Cuando llegó a Long Meadows, se metió en la sala. Quitó un cazo lleno de espinacas del sillón más cómodo y se sentó. Arriba sonaba el amortiguado tecleteo de una máquina de escribir. Era Robin Upward, que luchaba con una obra. Había roto ya tres versiones, según le dijera a Poirot. Sin saber por qué, no conseguía concentrarse.
Robin podría sentir mucho la muerte de su madre; pero seguía siendo Robin. Upward, el egocéntrico, cuyo propio bienestar era su sola y principal ocupación.
—
Madre
—aseguró con toda solemnidad— hubiese querido que siguiera adelante con mi trabajo.
Hércules Poirot había oído decir aproximadamente lo mismo a mucha gente. Una de las suposiciones más convenientes era saber lo que los difuntos hubiesen deseado. Los afligidos jamás experimentaban duda alguna acerca de los deseos de aquellos seres queridos que acababan de abandonar el mundo.
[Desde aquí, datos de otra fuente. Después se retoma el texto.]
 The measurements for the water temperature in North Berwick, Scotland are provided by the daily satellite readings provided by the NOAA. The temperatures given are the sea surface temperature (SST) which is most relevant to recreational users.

Y tales deseos solían estar de acuerdo con sus propias inclinaciones.
En aquel caso, probablemente, sería verdad.
Mistress Upward había tenido mucha fe en el trabajo de Robin y se había sentido extremadamente orgullosa de él.
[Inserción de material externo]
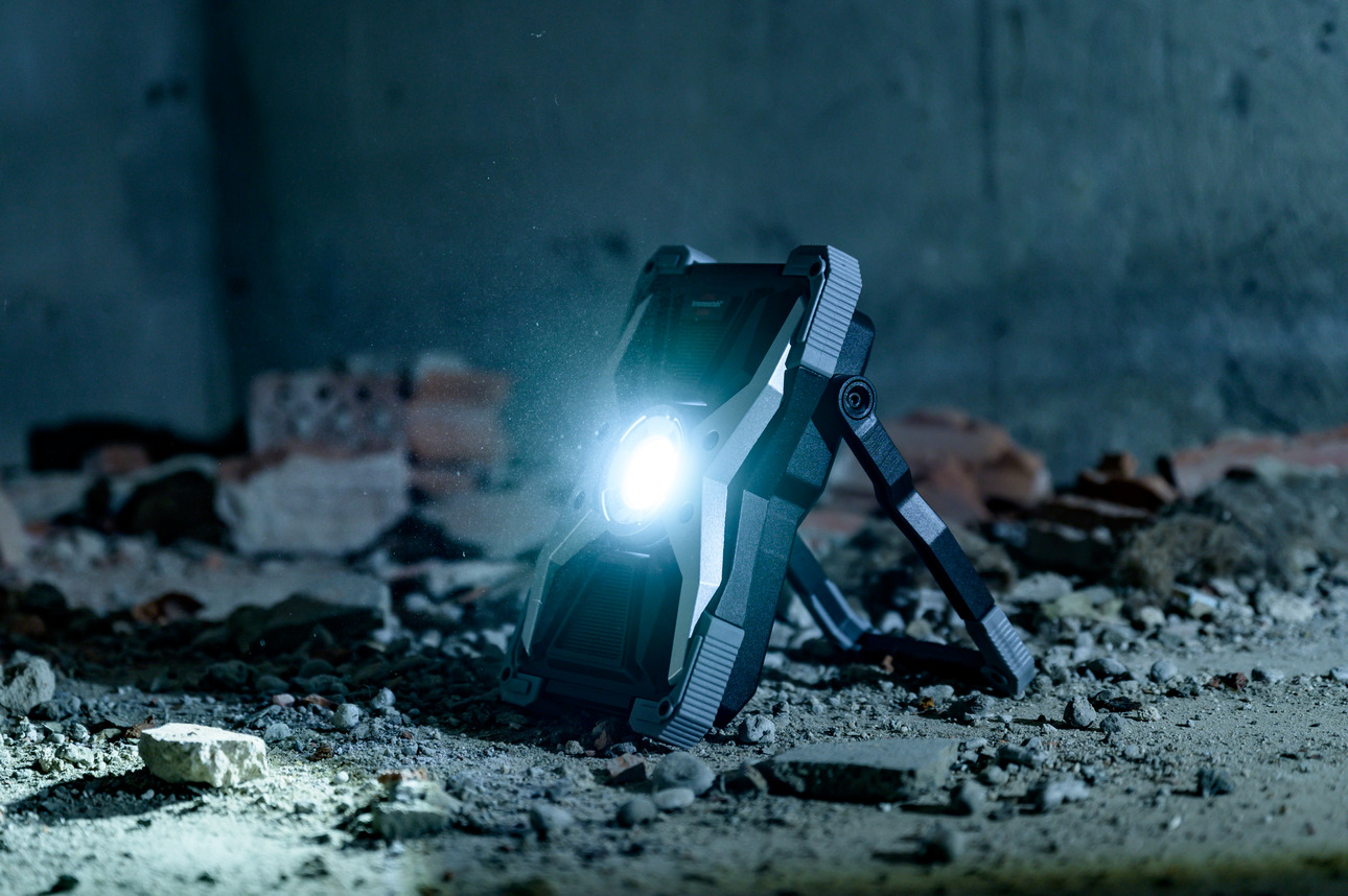 The mobile LED rechargeable spotlight RUFUS 3010 MA with Bluetooth speaker by Brennenstuhl is an extremely robust LED work light with 30W power that meets the highest demands. With a housing made of solid die-cast aluminium and additional edge protection made of high-quality plastic, it is suitable for both indoor and outdoor use. In addition, it has an integrated Bluetooth speaker, stream your music from popular apps stored on your smartphone or tablet. The working spotlight has a built-in rechargeable battery that has a charging time of approximately 5 hours. Furthermore, a switch with light function is integrated, which allows a dimmability of 10% - 25% - 50% - 75% - 100%. The built-in LEDs impress with their exceptionally long service life and their special light diffusion for large-area illumination. The construction spotlight is charged via the charging interface and with the help of the type A/C charging cable supplied. It also has the following impressive features:

Poirot se recostó contra el respaldo del asiento y cerró los ojos.
Pensó en mistress Upward. Consideró cómo había sido en realidad. Recordó una frase que le había oído a un funcionario policíaco en cierta ocasión: "Le desarmaremos por completo para ver qué es lo que le hace funcionar."
¿Qué era lo que había hecho funcionar a mistress Upward?
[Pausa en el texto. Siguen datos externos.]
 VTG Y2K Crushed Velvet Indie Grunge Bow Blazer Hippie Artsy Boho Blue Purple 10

Sonó un fuerte golpe, y entró Maureen Summerhayes en el cuarto. El viento le arremolinaba el cabello.
—No se me ocurre qué puede haberle sucedido a Johnnie —dijo—. Solo salió para llevar esos pedidos especiales a la estafeta de Correos. Debía de haber estado de vuelta hace horas. Quiero que me arregle la puerta del gallinero.
"Un caballero de verdad —se dijo Poirot— se ofrecería a arreglar la puerta del gallinero." Poirot no hizo tal cosa, sin embargo. Quería seguir pensando en los dos asesinatos y en el carácter de mistress Upward.
—Y no encuentro ese impreso del Ministerio de Agricultura —prosiguió Maureen—. He mirado por todas partes.
—Las espinacas están en el sofá —observó Poirot, tratando de ayudarla.
A Maureen no le preocupaban las espinacas.
—Mandaron ese impreso la semana pasada —musitó—, y debo haberlo puesto en alguna parte... quizá fuera cuando zurcía ese jersey de Johnnie.
Se acercó al buró y empezó a abrir cajones. Vació la mayor parte de su contenido en el suelo, sin miramientos. A Poirot le resultaba un verdadero tormento observarla.
De pronto lanzó un grito de triunfo:
—¡Aquí está!
Encantada, salió corriendo de la estancia.
Hércules Poirot exhaló un suspiro y volvió a entregarse a sus meditaciones.
Arreglar con orden y precisión...
Frunció el entrecejo. El desordenado montón de objetos en el suelo junto al buró le distraía.
¡Qué manera de buscar las cosas!
Orden y método; eso era lo que hacía falta. Orden y método
Aún cuando se había vuelto de lado en su asiento, seguía viendo la confusión. Artículos de coser, un montón de calcetines, cartas, lana de hacer punto revistas, lacre, fotografías, un jersey...
¡Era insoportable!
Se puso de pie, cruzo hasta el buró y empezó a guardar nuevamente los objetos de los cajones.
El jersey, los calcetines, la lana de hacer punto...
Luego, en el cajón siguiente, el lacre, las fotografías, las cartas...
Sonó el timbre del teléfono.
La estridencia le hizo dar un respingo.
Cruzó hacia el teléfono y descolgó el auricular.
—¡Diga! ¡Diga!
Le contestó la voz del superintendente Spence:
—¡Ah, es usted, monsieur Poirot! Por usted iba a preguntar.
La voz de Spence había cambiado hasta el punto de resultar difícil de reconocer. Estaba evidentemente preocupadísimo.
—¡Mira que llenarme la cabeza de tonterías acerca de un error en los retratos! —murmuró con mezcla de reproche e indulgencia—. Tenemos una pista nueva. La muchacha de la estafeta de Broadhinny. El comandante Summerhayes acaba de traerla. Parece ser que estaba parada casi enfrente de la casa aquella noche y vio entrar a una mujer. Después de las ocho y media o antes de las nueve. Y no era Deirdre Henderson. Era una mujer de pelo rubio. Eso nos vuelve a conducir adonde habíamos estado. No cabe duda que ha sido una de las dos: Eve Carpenter o Shelagh Rendell. La cuestión ahora es esta: ¿cuál de ellas?